# What to work on
When copying the listing below, skip every picture and repeat exactly the lines from the first one through the line that contains "Visa din kärlek".

# Data block
^^^^^^^^

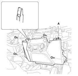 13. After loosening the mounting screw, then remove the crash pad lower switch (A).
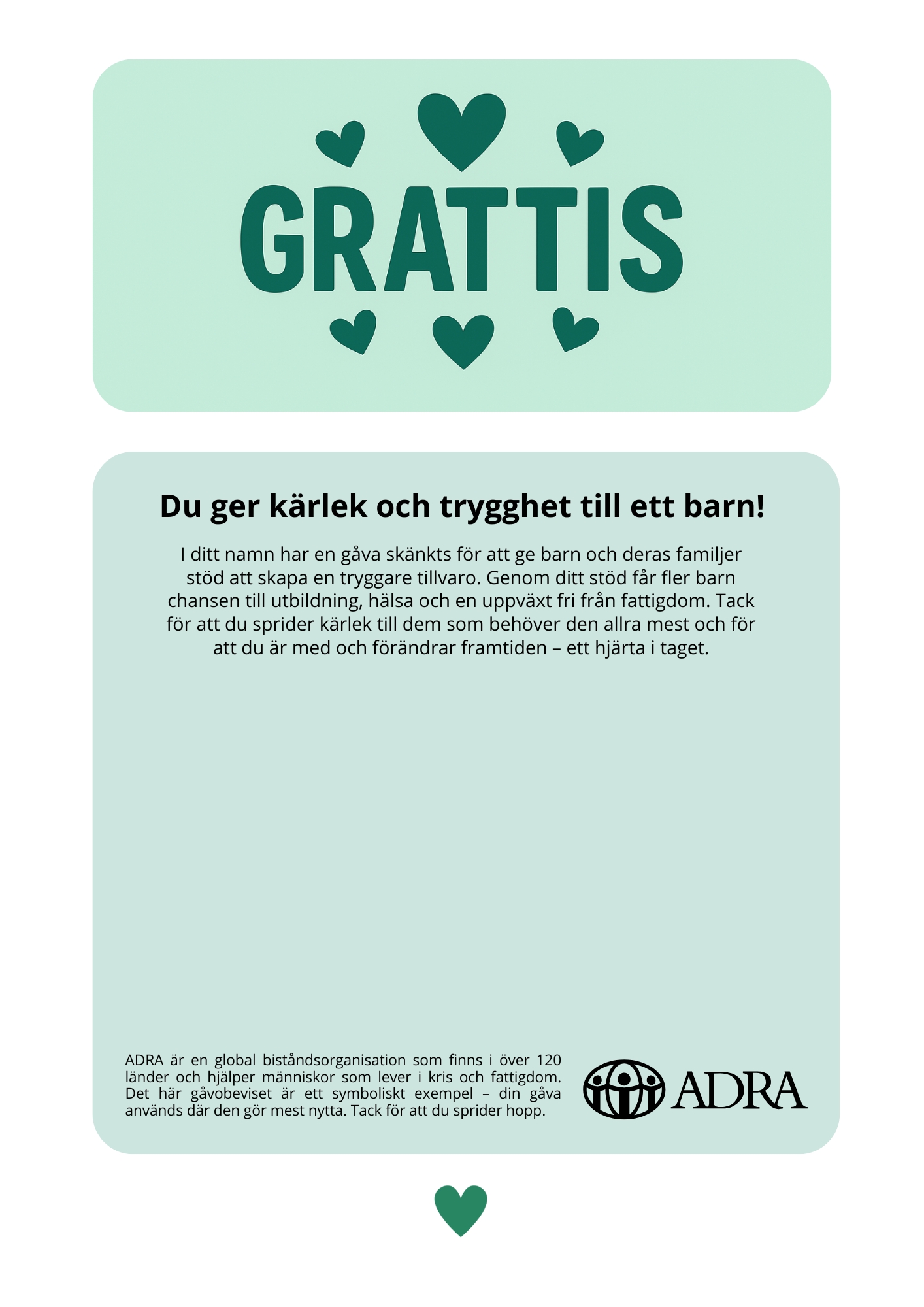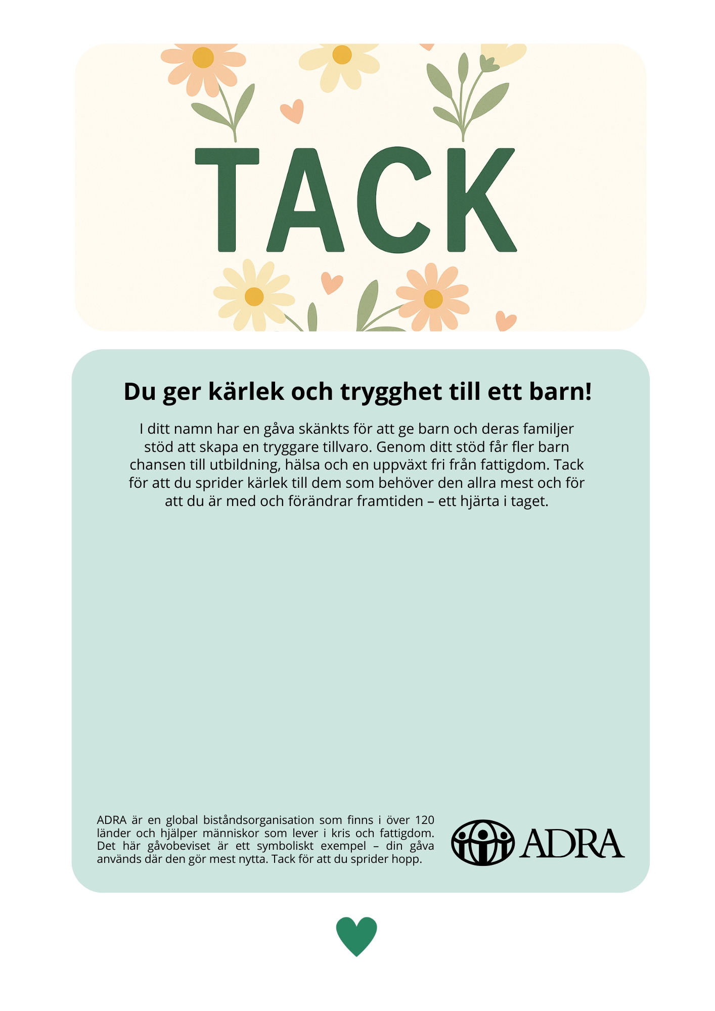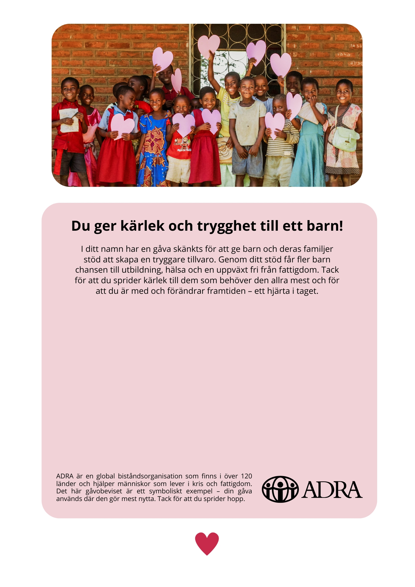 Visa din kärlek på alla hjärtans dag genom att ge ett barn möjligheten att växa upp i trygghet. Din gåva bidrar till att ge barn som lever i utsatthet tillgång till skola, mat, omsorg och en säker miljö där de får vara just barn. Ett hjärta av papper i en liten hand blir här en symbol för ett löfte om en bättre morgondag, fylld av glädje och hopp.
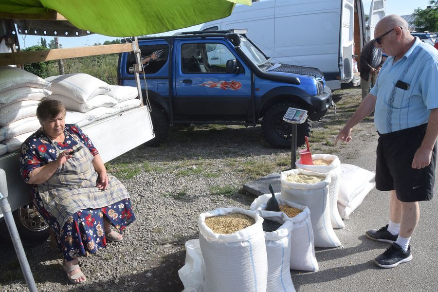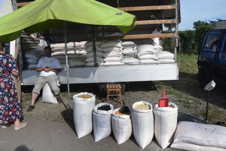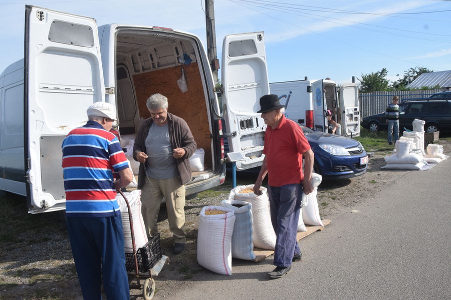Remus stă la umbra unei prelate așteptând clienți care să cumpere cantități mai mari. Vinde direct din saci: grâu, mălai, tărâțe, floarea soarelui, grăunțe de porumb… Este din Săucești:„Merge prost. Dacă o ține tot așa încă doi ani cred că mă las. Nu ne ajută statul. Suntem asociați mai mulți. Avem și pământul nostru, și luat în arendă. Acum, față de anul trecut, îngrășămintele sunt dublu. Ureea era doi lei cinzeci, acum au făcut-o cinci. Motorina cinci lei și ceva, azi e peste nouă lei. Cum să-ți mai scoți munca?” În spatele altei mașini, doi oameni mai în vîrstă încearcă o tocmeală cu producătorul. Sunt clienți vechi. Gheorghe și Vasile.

^^^^^^^^

# Solved problem
 13. After loosening the mounting screw, then remove the crash pad lower switch (A).
 Visa din kärlek på alla hjärtans dag genom att ge ett barn möjligheten att växa upp i trygghet. Din gåva bidrar till att ge barn som lever i utsatthet tillgång till skola, mat, omsorg och en säker miljö där de får vara just barn. Ett hjärta av papper i en liten hand blir här en symbol för ett löfte om en bättre morgondag, fylld av glädje och hopp.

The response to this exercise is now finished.